[Opening PROVIDED DATA section]
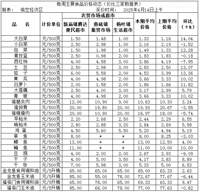 临空经济区2025年4月14日价比三家
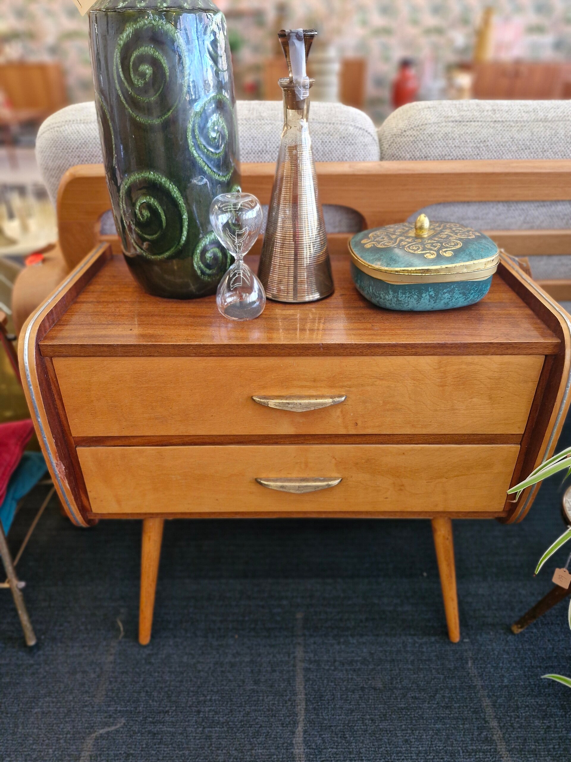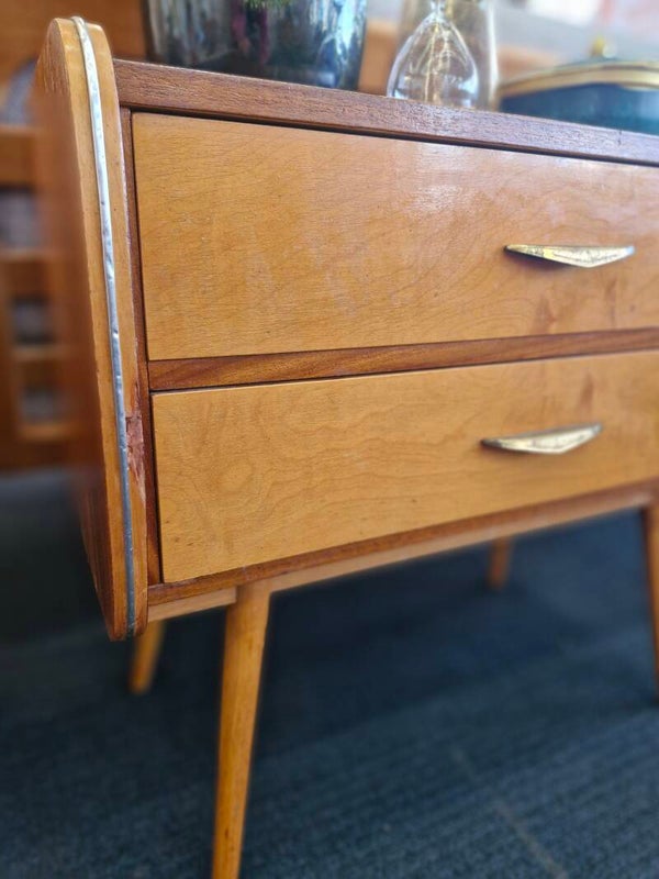 Mooi vintage kastje met twee lades op ronde pootjes
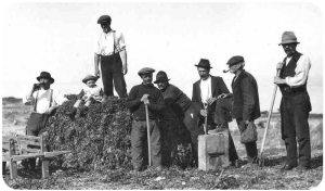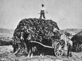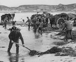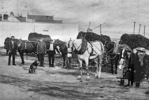 The main use of vraic is for spreading over potato fields during the winter. It is then ploughed into the soil before the potatoes are planted in late winter and spring. Vraic was traditionally gathered by horse and cart in Grouville Bay and St Ouen's Bay, and in smaller quantities at Le Hocq and Havre des Pas. The practice continues using tractors and trailers, although the quantity taken has diminished over the years.
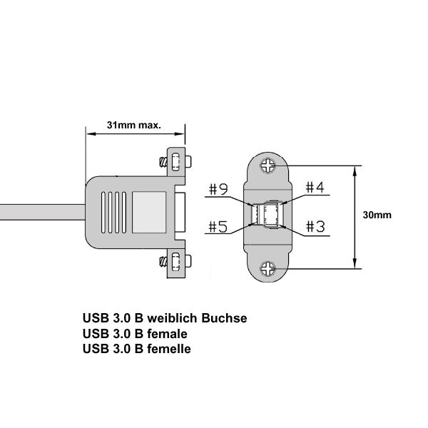 - Buchse USB 3.0 Typ B (anschraubbar)
[Closing PROVIDED DATA section]
__EXERCISE REQUIREMENTS__: Without the pictures, reproduce each line from the one containing "Mooi vintage kastje" through the last line of the material above, both of those lines included.

__COMPLETED EXERCISE__:
 Mooi vintage kastje met twee lades op ronde pootjes
 The main use of vraic is for spreading over potato fields during the winter. It is then ploughed into the soil before the potatoes are planted in late winter and spring. Vraic was traditionally gathered by horse and cart in Grouville Bay and St Ouen's Bay, and in smaller quantities at Le Hocq and Havre des Pas. The practice continues using tractors and trailers, although the quantity taken has diminished over the years.
 - Buchse USB 3.0 Typ B (anschraubbar)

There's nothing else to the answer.